Singapore’s Real Estate Investment Trusts (REITS) have outperformed the broader market so far this year rising 22 per cent compared to the benchmark Straits Times Index’s 14 per cent gain.
But analysts said such higher capital gains are adding pressure on yields.
Reaching higher are the average Distribution Per Unit from REITS.
On average, analysts noted that dividends grew 2 per cent from the previous quarter and 8 per cent year on year.
Volatile markets and a strong Singdollar have pushed investors to REITS, resulting in the FTSE Straits Times REITS Index outperforming the Straits Times Index.
An analyst at OCBC Investment Research, Kevin Tan, said: “A number of REITS are trading at a premium to their book values. This has caused analysts to downgrade some of the counters recently. As the unit prices continue to trade higher, we may potentially see more downgrades, which may depress the unit prices in the near term.”
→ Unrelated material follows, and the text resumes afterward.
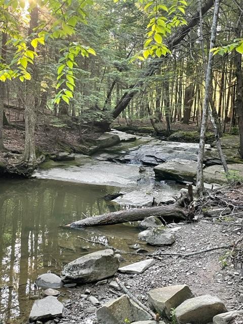 Pratt's Brook trails loop through piney woods and open meadows, with bridges and other crossings over the many tributaries of Pratt’s Brook, offer great hiking, snowshoeing and exploring. Good bird watching sites include the open fields with bluebird boxes (North Road fields), stream-side overlooks, blueberry fields, and a beautiful rocky waterfall on the Otter Trail. With adequate snow there are groomed ski trails ranging from easy to moderately challenging with opportunities for wildlife observations, including a small active beaver pond, plentiful deer sign and barred and great horned owl calling at night. There is now a Disc Golf course located on the northwest side of the North Road parking lot.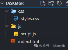 taskmgr/ ├── css/ │ └── styles.css ├── js/ │ └── script.js └── index.html

So far, analysts noted the yields have contracted from an average of 7.3 to 6.6 per cent.
But analysts pointed out industrial REITS will continue to provide more attractive yields, compared to other sectors.
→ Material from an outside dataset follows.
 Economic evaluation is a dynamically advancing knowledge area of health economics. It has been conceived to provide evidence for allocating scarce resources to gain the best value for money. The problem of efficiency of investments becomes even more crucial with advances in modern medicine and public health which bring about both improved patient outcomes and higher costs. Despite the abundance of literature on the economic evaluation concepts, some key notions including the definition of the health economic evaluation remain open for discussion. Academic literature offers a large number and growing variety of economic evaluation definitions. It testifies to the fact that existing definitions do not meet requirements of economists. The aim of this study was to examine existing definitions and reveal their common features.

Equity research analyst at DBS Vickers, Derek Tan, said: “Sectors that have more third party opportunities would be in the industrial sector, given that the acquisitions tend to be more bite sized from that perspective, compared to the office or retail where the typical asset size of acquisition would be in hundreds of millions, kind of range, which would be relatively large versus an industrial REITS. Some of the REITS are sponsored REITS, with a visible pipeline. That would give the REIT the visibility in terms of inorganic growth prospects.”
Analysts said REITS managed by property developers may see more inorganic growth prospects.
This, as developers could take on a development and sell it back to their REITS at a more favourable price.